String comparison in PHP

PHP ships with multiple, native mechanisms for comparing arbitrary string values. Let's take a closer look at two that quantify "sameness."

There are multiple ways to compare strings in PHP. The simplest way it to check if two strings are equal, using either loose equality (==) or strict equality (===). In either case, PHP will give you a Boolean answer as to whether or not two strings are the same.

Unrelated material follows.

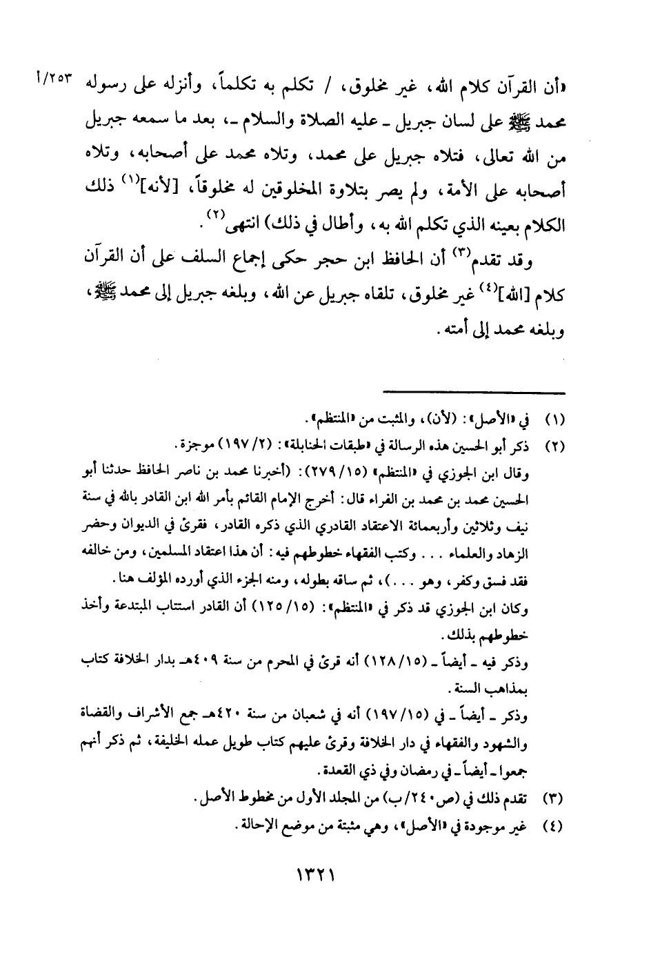 وَقد تقدم أَن الْحَافِظ ابْن حجر حكى إِجْمَاع السّلف على أَن الْقُرْآن كَلَام [الله] غير مَخْلُوق، تَلقاهُ جِبْرِيل عَن الله، وبلغه جِبْرِيل إِلَى مُحَمَّد - صَلَّى اللَّهُ عَلَيْهِ وَسَلَّم َ -، وبلغه مُحَمَّد إِلَى أمته.

But sometimes you want to gauge how similar two strings actually are. In that case, we have two different options for determining the “sameness” of arbitrary strings.

Levenshtein distance

The Levenshtein distance between two strings represents the number of characters that need to be changed in one string to create another. For example, given the strings 'stronger' and 'stranger' it’s apparent at a glance that they differ by a single character. PHP can tell you this programmatically:

echo levenshtein('stronger', 'stranger'); // 1

In cases where the two strings differ in length, the Levenshtein distance also quantifies the number of characters that need to be added or deleted to convert between them. It’s a great way to quickly check simple strings for typographical or clerical errors, unfortunately it also has its limitations.

For example, both 'stronger' and 'strangers' present a Levenshtein distance of 1 when compared to 'stranger' even though the differences quantified are, well, quite different.

Hamming distance

Another helpful quantifier of string sameness is the Hamming distance. Similar to a Levenshtein distance, Hamming calculations identify the number of changes required to make one string equal to another. The biggest differences are that a Hamming distance only works on strings of equal lengths and, at least in PHP, works on binary rather than generic text.

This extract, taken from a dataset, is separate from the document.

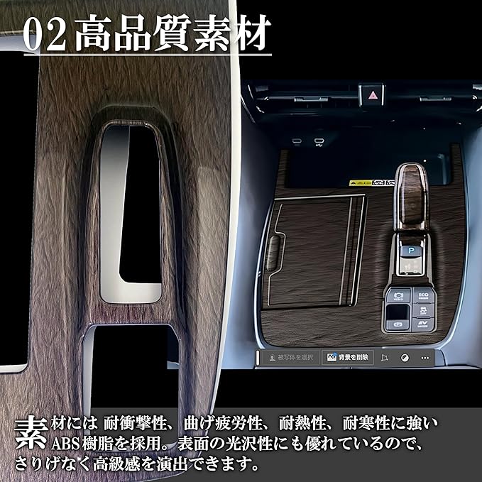 【究極のラグジュアリー感をアルファード&ヴェルファイアに!】新型アルファードとヴェルファイア40系専用の木目調シフトパネルカバー&シフトノブカバーセットで、内装を極上の豪華空間に。美しい木目調デザインが、ワンランク上のプレミアム感を実現。まるで高級ラウンジのような車内空間を演出します。

If you already have raw binary, PHP’s native gmp_hamdist() function can calculate a Hamming distance for you automatically:

echo gmp_hamdist(0b1001010011, 0b1011111100); // 6

If we want to operate on arbitrary strings, we need to wrap this function in one of our own that converts between ASCII and binary. Then we can compare the results of a Levenshtein calculation with that of a Hamming one:

function hamming_distance(string $first, string $second): int
{
  $length = strlen($first);

  if (strlen($second) !== $length) {
    throw new LengthException('Input strings must be of equal length!');
  }

  $result = 0;
  for($i = 0; $i < $length; $i++) {
    $result += gmp_hamdist(ord($first[$i]), ord($second[$i]));
  }

  return $result;
}

echo hamming_distance('stronger', 'stranger'); // 3

Either technique is valid and serve well in differing circumstances. In which situations might you need to leverage a way to quantify the “sameness” of two strings?

#